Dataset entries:
------------------------------------------------

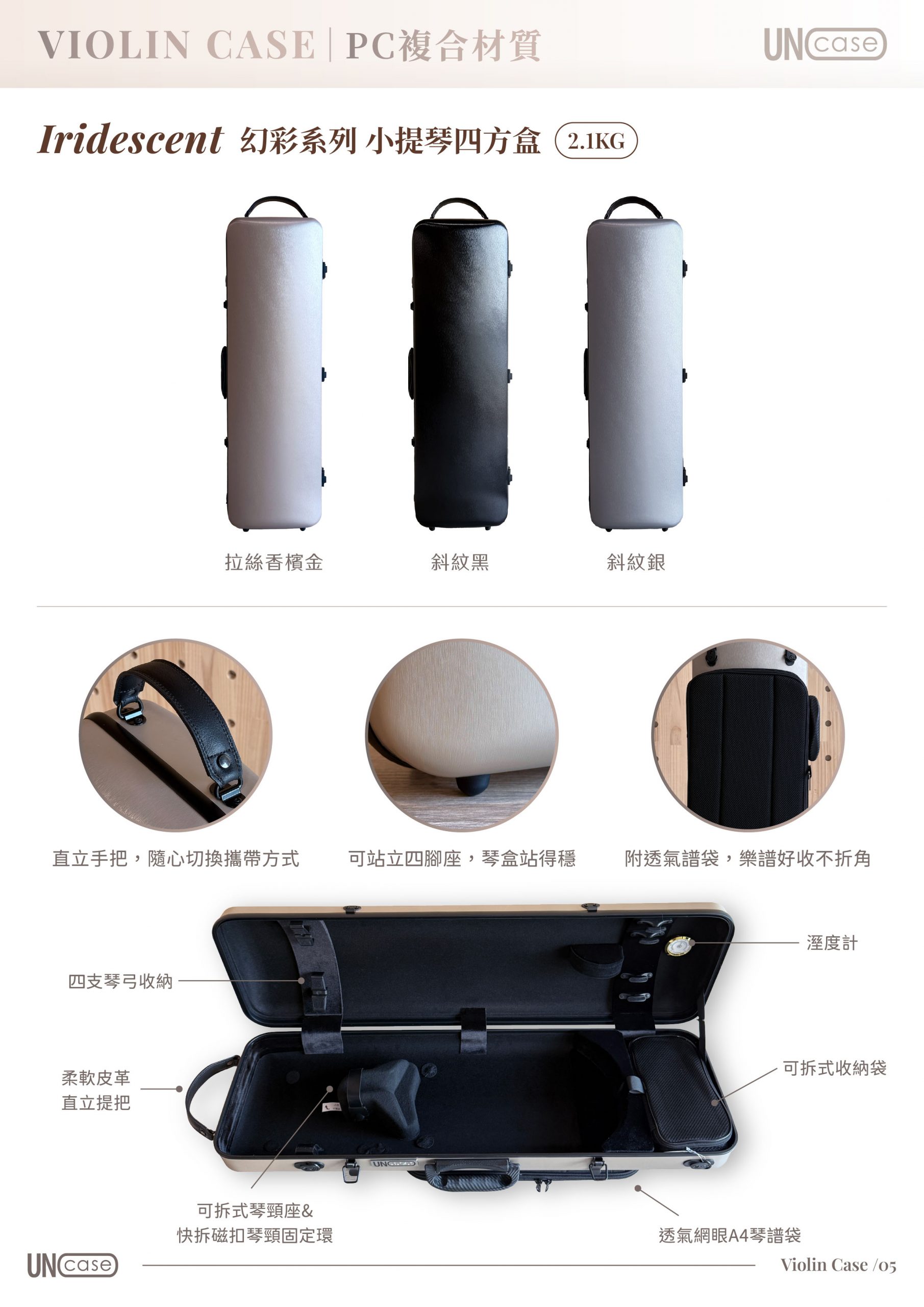 ★PC複合纖維材質一體成型製成,兼具輕量化及堅固抗壓特性,耐熱、耐用、防刮。 ★可拆式琴頸固定環設計以單手快拆磁扣,並可調整固定環的鬆緊度,使提琴更服貼內襯不易晃動。 ★可手提雙肩背,背帶加厚減壓設計,減輕雙肩負擔。 ★膠條密封性佳,防止水滴滲入盒內。 ★內附濕度錶,隨時監控樂器的狀況。 ★重量:2.1kg。 ★尺寸:4/4。
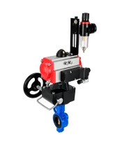 Затвор дисковый поворотный DN.ru WBV0232E-2W-Fb-H Ду32 Ру16, корпус - алюминиевый сплав, диск - нержавеющая сталь 316L, уплотнение - EPDM, с пневмоприводом PA-DA-065, пневмораспределителем 4М310-08 24В NAMUR, ручным дублером MON1-250-T26-ISO, БПВ AFC2000
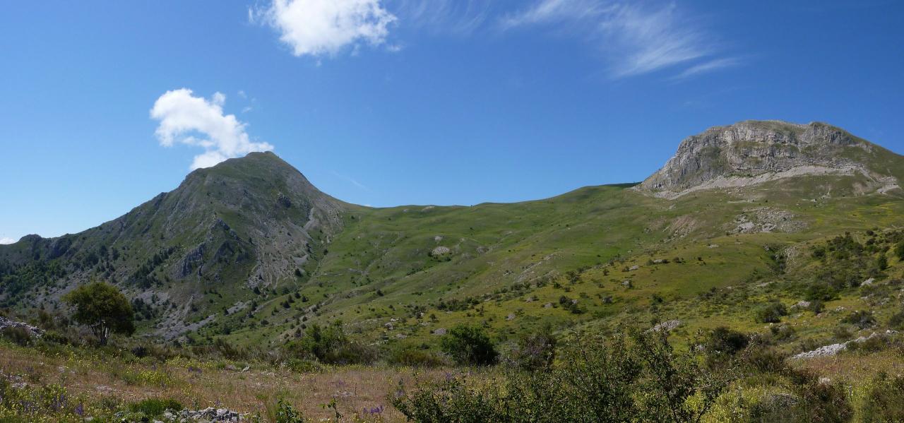 Vu du Collet du vieil Esclangon on aperçoit La Grande Cloche de Barles (1887m),terme de notre randonnée de jeudi
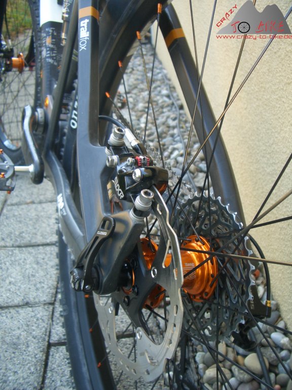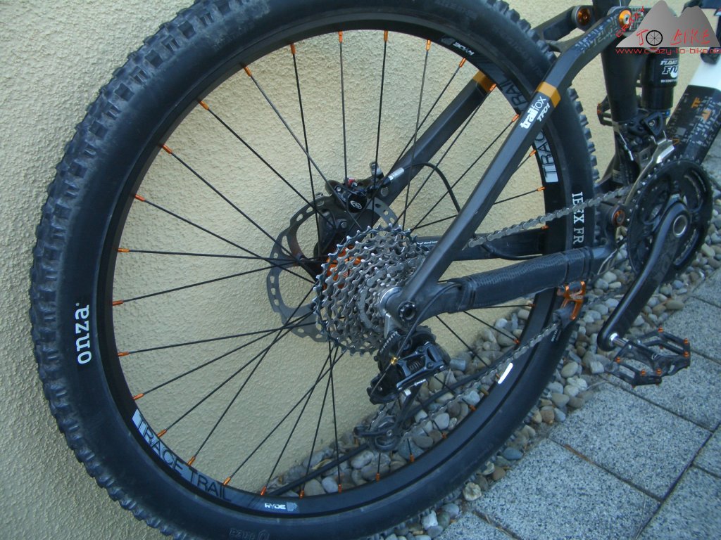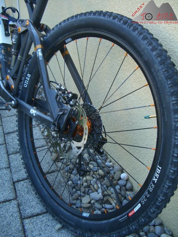 Durch die sehr leichen Trace Trail Felgen, und natürlich durch die Tune-Naben, konnte ich die Masse (die Meisten sagen fälschlicherweise Gewicht) des Trailfox auf 12,02 kg reduzieren - und das bei den mit Knapp 700 g pro Stück nicht gerade leichten, aber voll All Mountain / Enduro tauglichen Onza Ibex FR Reifen.
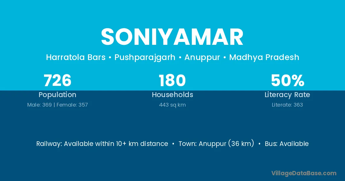 Anuppur (36 km) is the nearest town to Soniyamar village for major economic activities and is located approximately 36 km away.

------------------------------------------------

Exercise directions: The line that contains "Vu du Collet" begins the range and the last line of the entries ends it; print that range exactly, without pictures.

Task result:
 Vu du Collet du vieil Esclangon on aperçoit La Grande Cloche de Barles (1887m),terme de notre randonnée de jeudi
 Durch die sehr leichen Trace Trail Felgen, und natürlich durch die Tune-Naben, konnte ich die Masse (die Meisten sagen fälschlicherweise Gewicht) des Trailfox auf 12,02 kg reduzieren - und das bei den mit Knapp 700 g pro Stück nicht gerade leichten, aber voll All Mountain / Enduro tauglichen Onza Ibex FR Reifen.
 Anuppur (36 km) is the nearest town to Soniyamar village for major economic activities and is located approximately 36 km away.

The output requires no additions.